By PHUOC LE, MD, CONNIE CHAN, and BROOKE WARREN

I recently took care of Rosaria[1], a cheerful 60-year-old woman who came in for chronic joint pain. She grew up in rural Mexico, but came to the US thirty years ago to work in the strawberry fields of California. After examining her, I recommended a few blood tests and x-rays as next steps. “Lo siento pero no voy a tener seguro hasta el primavera — Sorry but I won’t have insurance again until the Spring.” Rosaria, who is a seasonal farmworker, told me she only gets access to health care during the strawberry season.
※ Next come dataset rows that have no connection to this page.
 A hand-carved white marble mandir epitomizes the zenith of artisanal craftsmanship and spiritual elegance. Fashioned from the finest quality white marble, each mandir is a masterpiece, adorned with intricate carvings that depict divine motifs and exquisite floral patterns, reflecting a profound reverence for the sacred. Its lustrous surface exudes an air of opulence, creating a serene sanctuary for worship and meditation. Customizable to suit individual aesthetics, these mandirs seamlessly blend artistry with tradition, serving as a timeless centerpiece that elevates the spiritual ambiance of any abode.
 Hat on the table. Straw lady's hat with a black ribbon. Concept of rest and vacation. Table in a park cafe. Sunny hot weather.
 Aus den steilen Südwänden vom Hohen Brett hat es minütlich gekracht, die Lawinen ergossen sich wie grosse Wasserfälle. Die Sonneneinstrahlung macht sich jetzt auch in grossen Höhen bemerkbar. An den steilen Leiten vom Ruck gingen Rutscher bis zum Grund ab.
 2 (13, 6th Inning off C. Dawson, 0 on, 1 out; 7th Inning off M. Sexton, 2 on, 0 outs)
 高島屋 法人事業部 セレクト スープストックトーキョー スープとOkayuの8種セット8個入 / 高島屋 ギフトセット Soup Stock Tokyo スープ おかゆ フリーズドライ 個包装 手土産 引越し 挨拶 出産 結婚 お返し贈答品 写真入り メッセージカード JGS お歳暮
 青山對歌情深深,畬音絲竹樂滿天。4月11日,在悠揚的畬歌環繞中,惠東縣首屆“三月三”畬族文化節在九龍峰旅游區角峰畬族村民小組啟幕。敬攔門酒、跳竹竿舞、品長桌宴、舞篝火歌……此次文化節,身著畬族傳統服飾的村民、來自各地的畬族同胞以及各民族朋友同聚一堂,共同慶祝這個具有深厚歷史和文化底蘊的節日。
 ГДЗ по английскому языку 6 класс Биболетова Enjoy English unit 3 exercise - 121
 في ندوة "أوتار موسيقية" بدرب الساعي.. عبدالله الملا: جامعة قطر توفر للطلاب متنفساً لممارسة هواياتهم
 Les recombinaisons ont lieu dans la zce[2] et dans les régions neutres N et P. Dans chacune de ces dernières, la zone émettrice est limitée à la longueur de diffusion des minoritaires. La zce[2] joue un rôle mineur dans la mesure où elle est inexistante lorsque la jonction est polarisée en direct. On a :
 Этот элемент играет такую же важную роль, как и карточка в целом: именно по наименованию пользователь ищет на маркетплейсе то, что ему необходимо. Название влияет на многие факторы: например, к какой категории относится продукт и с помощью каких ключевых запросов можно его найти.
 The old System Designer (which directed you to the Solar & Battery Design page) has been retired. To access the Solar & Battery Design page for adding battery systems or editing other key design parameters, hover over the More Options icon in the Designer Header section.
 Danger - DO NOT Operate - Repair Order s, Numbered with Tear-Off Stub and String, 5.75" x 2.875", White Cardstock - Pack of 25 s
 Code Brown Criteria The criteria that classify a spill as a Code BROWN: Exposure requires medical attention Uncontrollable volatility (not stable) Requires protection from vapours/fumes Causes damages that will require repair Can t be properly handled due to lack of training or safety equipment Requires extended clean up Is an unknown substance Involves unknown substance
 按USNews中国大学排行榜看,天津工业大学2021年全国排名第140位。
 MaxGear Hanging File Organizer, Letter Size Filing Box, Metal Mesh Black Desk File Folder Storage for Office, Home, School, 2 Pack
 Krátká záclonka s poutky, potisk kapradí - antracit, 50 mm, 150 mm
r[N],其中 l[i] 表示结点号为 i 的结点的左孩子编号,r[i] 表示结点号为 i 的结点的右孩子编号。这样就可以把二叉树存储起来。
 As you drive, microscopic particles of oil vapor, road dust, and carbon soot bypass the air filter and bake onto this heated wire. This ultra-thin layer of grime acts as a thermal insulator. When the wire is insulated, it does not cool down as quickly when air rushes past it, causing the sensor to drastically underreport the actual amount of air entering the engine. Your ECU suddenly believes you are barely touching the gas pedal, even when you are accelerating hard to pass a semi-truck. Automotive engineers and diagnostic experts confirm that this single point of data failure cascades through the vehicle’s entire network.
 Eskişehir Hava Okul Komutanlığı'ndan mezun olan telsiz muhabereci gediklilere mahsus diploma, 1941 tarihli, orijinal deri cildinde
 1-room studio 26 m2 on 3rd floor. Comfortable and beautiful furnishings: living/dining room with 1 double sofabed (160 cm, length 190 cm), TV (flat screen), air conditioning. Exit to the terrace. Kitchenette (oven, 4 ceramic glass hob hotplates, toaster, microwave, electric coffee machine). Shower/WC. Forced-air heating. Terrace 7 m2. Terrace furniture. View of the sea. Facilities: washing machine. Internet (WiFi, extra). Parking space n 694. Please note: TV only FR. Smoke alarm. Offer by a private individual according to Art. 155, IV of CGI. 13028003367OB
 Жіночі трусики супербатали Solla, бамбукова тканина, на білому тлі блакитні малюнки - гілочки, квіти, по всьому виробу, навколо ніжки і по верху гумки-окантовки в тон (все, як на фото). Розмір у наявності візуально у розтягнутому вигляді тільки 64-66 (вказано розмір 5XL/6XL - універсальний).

Her medical care will have to wait, and in the meantime, her joints continue to deteriorate.

Migrant and seasonal agricultural workers (MSAW) are people who work “temporarily or seasonally in farm fields, orchards, canneries, plant nurseries, fish/seafood packing plants, and more.”[2] MSAW are more than temporary laborers, though— they are individuals and families who have time and time again helped the US in its greatest time of need. During WWI, Congress passed the Immigration and Nationality Act of 1917[3] because of the extreme shortage of US workers. This allowed farmers to bring about 73,000 Mexican workers into the US. During WWII, the US once again called upon Mexican laborers to fill the vacancies in the US workforce under the Bracero Program in 1943. Over the 23 years the Bracero Program was in place, the US employed 4.6 million Mexican laborers. Despite the US being indebted to the Mexican laborers, who helped the economy from collapsing in the gravest of times, the US deported 400,000 Mexican immigrants and Mexican-American citizens during the Great Depression.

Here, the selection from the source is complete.